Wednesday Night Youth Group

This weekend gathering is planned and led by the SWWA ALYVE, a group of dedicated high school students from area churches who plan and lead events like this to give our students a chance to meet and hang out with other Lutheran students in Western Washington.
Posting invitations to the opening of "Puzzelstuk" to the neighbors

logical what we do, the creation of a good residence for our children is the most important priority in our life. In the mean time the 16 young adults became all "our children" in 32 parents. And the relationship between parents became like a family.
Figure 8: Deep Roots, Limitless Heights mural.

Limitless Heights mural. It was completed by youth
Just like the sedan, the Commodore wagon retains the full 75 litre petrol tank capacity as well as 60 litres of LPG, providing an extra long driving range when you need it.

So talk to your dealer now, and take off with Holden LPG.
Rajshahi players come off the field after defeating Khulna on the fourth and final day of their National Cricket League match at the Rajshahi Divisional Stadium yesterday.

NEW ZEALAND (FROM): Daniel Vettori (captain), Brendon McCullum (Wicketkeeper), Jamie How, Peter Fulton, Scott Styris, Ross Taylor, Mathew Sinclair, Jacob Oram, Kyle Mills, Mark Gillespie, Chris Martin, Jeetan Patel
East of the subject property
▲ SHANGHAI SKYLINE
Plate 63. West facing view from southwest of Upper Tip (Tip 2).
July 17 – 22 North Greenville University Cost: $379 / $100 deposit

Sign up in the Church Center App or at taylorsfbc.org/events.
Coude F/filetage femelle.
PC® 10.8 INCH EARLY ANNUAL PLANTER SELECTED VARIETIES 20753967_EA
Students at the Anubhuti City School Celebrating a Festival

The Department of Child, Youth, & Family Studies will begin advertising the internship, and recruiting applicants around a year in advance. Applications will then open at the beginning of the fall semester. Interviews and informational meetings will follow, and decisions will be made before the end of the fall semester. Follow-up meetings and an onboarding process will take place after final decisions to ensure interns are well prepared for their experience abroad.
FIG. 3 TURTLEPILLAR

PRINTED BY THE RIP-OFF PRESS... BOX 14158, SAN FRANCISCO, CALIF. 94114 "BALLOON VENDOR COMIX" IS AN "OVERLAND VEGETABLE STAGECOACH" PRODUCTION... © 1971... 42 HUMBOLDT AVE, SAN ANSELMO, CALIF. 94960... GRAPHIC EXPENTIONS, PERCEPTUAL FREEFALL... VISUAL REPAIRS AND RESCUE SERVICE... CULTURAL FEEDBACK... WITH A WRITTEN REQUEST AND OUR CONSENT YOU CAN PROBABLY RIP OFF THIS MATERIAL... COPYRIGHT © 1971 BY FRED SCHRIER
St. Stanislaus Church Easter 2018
----------------
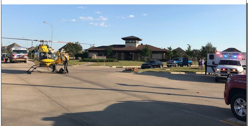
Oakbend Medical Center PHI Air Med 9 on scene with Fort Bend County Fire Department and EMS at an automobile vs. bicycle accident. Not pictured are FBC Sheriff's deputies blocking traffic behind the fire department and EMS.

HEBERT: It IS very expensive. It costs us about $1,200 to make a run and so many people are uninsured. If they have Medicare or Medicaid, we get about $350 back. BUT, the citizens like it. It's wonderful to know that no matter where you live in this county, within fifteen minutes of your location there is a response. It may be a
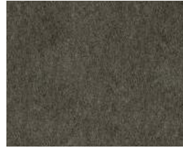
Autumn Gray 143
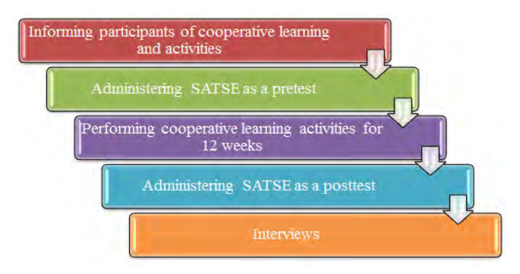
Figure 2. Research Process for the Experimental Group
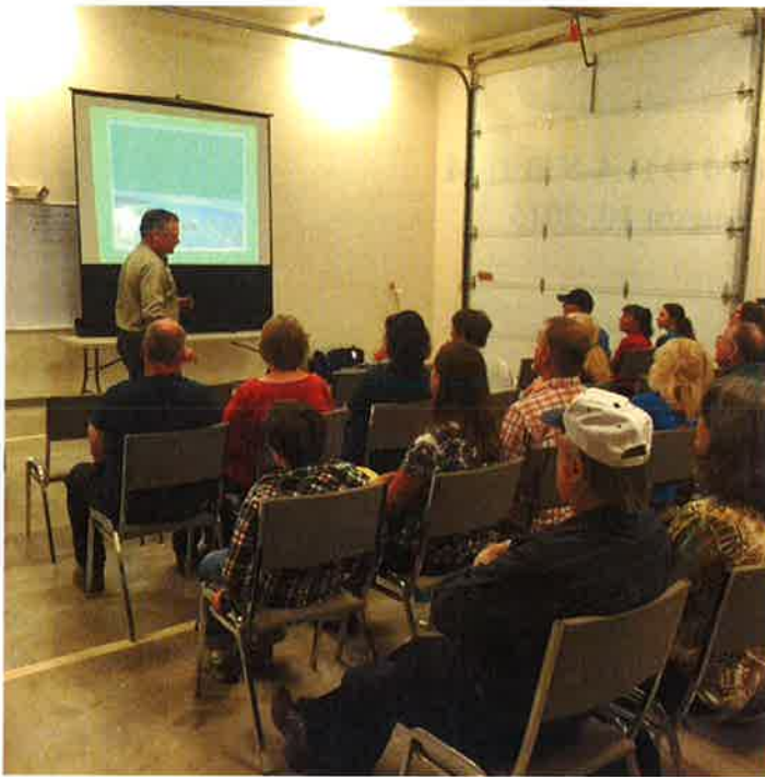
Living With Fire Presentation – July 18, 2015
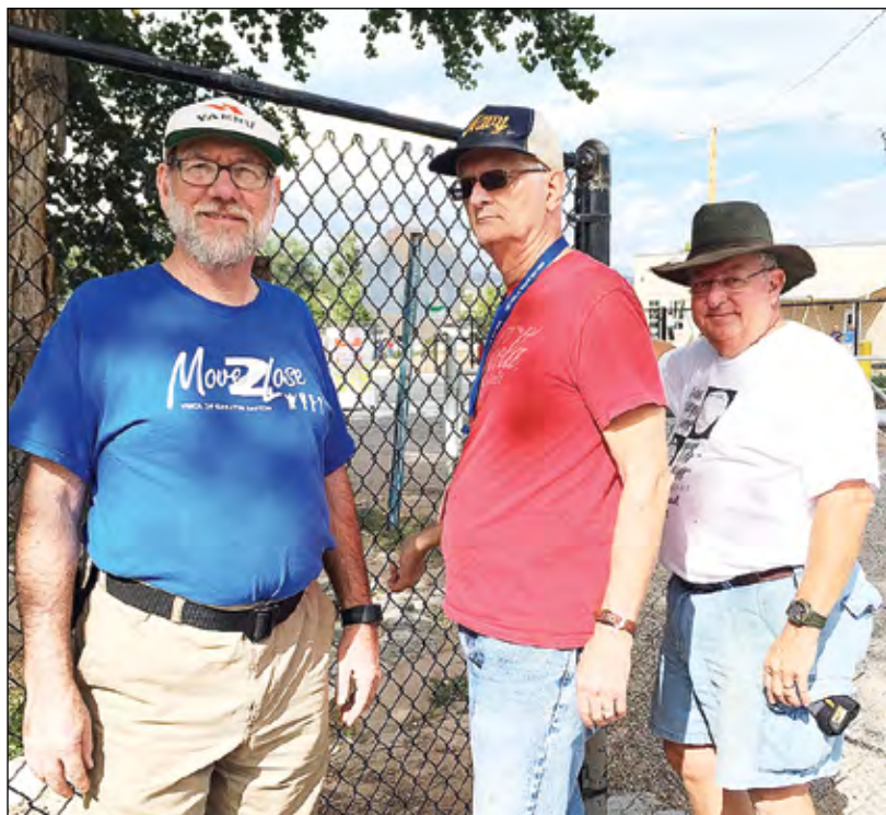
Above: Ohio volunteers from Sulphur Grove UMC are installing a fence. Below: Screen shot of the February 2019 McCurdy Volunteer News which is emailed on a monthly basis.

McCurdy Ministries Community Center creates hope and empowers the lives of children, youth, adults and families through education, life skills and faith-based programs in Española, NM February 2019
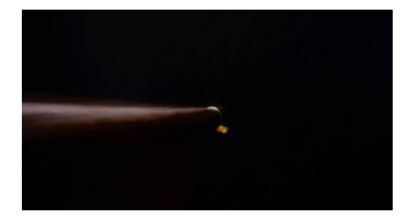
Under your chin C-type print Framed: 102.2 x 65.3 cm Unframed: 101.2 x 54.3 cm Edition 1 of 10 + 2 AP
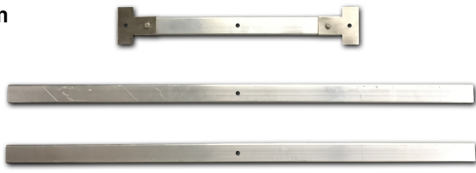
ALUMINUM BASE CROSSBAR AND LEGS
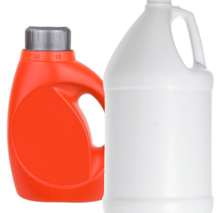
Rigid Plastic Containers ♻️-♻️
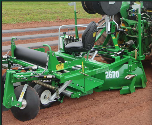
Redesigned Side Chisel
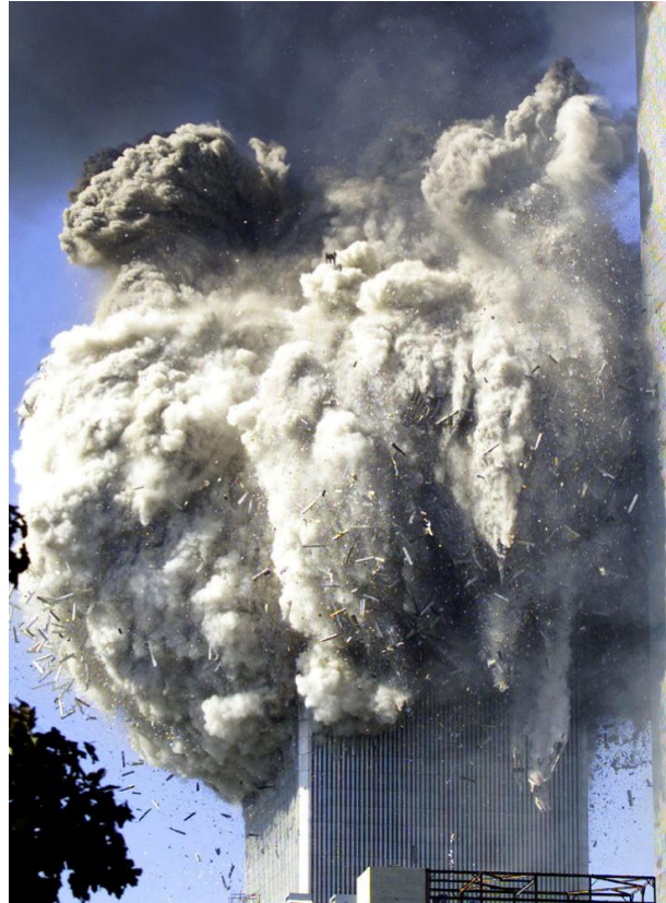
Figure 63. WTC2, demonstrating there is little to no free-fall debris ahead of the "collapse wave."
----------------
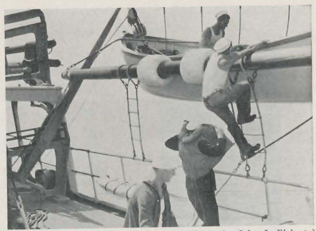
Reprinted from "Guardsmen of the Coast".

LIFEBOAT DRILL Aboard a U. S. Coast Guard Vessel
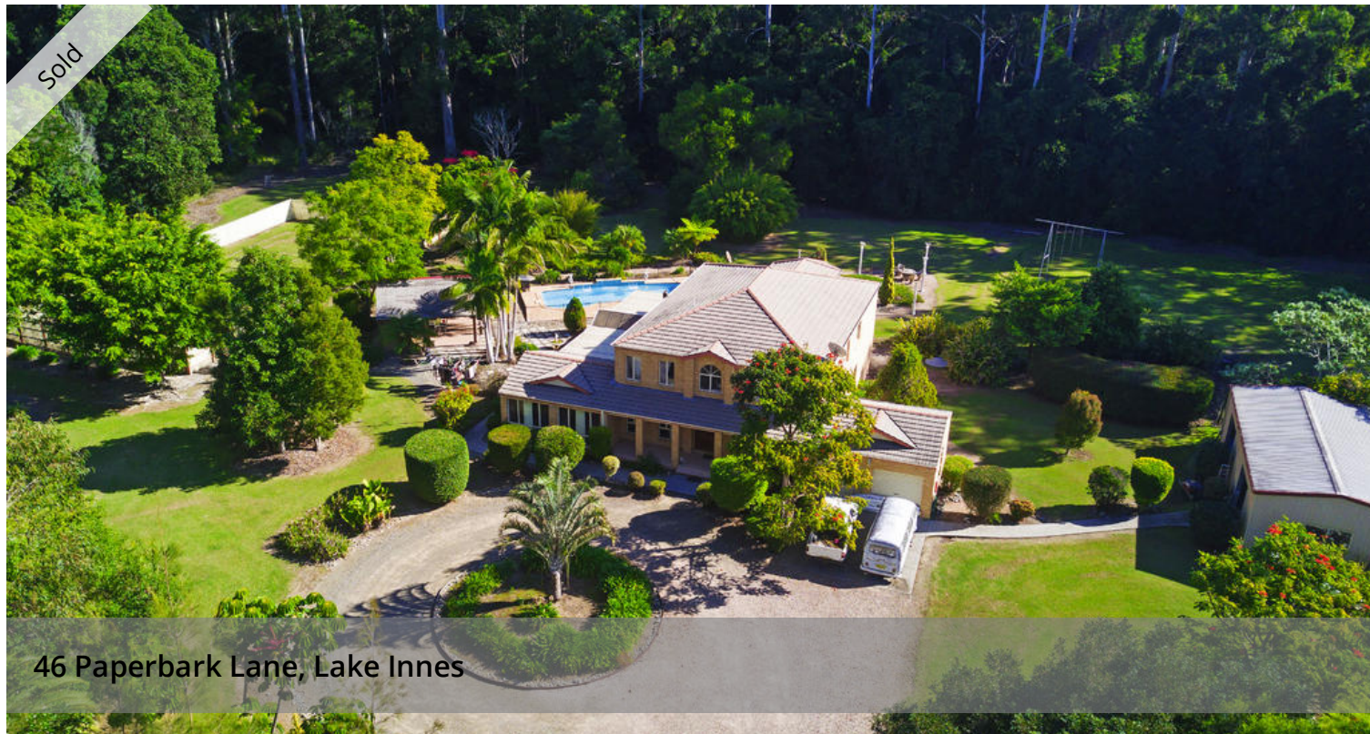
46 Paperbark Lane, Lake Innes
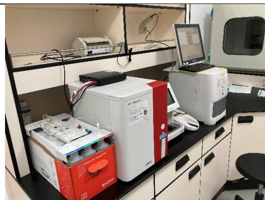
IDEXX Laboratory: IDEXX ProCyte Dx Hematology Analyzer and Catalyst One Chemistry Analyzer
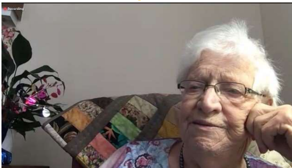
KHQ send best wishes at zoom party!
----------------
● EXERCISE DESCRIPTION: Nothing should appear in the answer except the lines above from the line with "Wednesday Night Youth Group" through the line with "Students at the", both included, written out exactly.

● SOLUTION TO THIS PROBLEM:
Wednesday Night Youth Group

This weekend gathering is planned and led by the SWWA ALYVE, a group of dedicated high school students from area churches who plan and lead events like this to give our students a chance to meet and hang out with other Lutheran students in Western Washington.
Posting invitations to the opening of "Puzzelstuk" to the neighbors

logical what we do, the creation of a good residence for our children is the most important priority in our life. In the mean time the 16 young adults became all "our children" in 32 parents. And the relationship between parents became like a family.
Figure 8: Deep Roots, Limitless Heights mural.

Limitless Heights mural. It was completed by youth
Just like the sedan, the Commodore wagon retains the full 75 litre petrol tank capacity as well as 60 litres of LPG, providing an extra long driving range when you need it.

So talk to your dealer now, and take off with Holden LPG.
Rajshahi players come off the field after defeating Khulna on the fourth and final day of their National Cricket League match at the Rajshahi Divisional Stadium yesterday.

NEW ZEALAND (FROM): Daniel Vettori (captain), Brendon McCullum (Wicketkeeper), Jamie How, Peter Fulton, Scott Styris, Ross Taylor, Mathew Sinclair, Jacob Oram, Kyle Mills, Mark Gillespie, Chris Martin, Jeetan Patel
East of the subject property
▲ SHANGHAI SKYLINE
Plate 63. West facing view from southwest of Upper Tip (Tip 2).
July 17 – 22 North Greenville University Cost: $379 / $100 deposit

Sign up in the Church Center App or at taylorsfbc.org/events.
Coude F/filetage femelle.
PC® 10.8 INCH EARLY ANNUAL PLANTER SELECTED VARIETIES 20753967_EA
Students at the Anubhuti City School Celebrating a Festival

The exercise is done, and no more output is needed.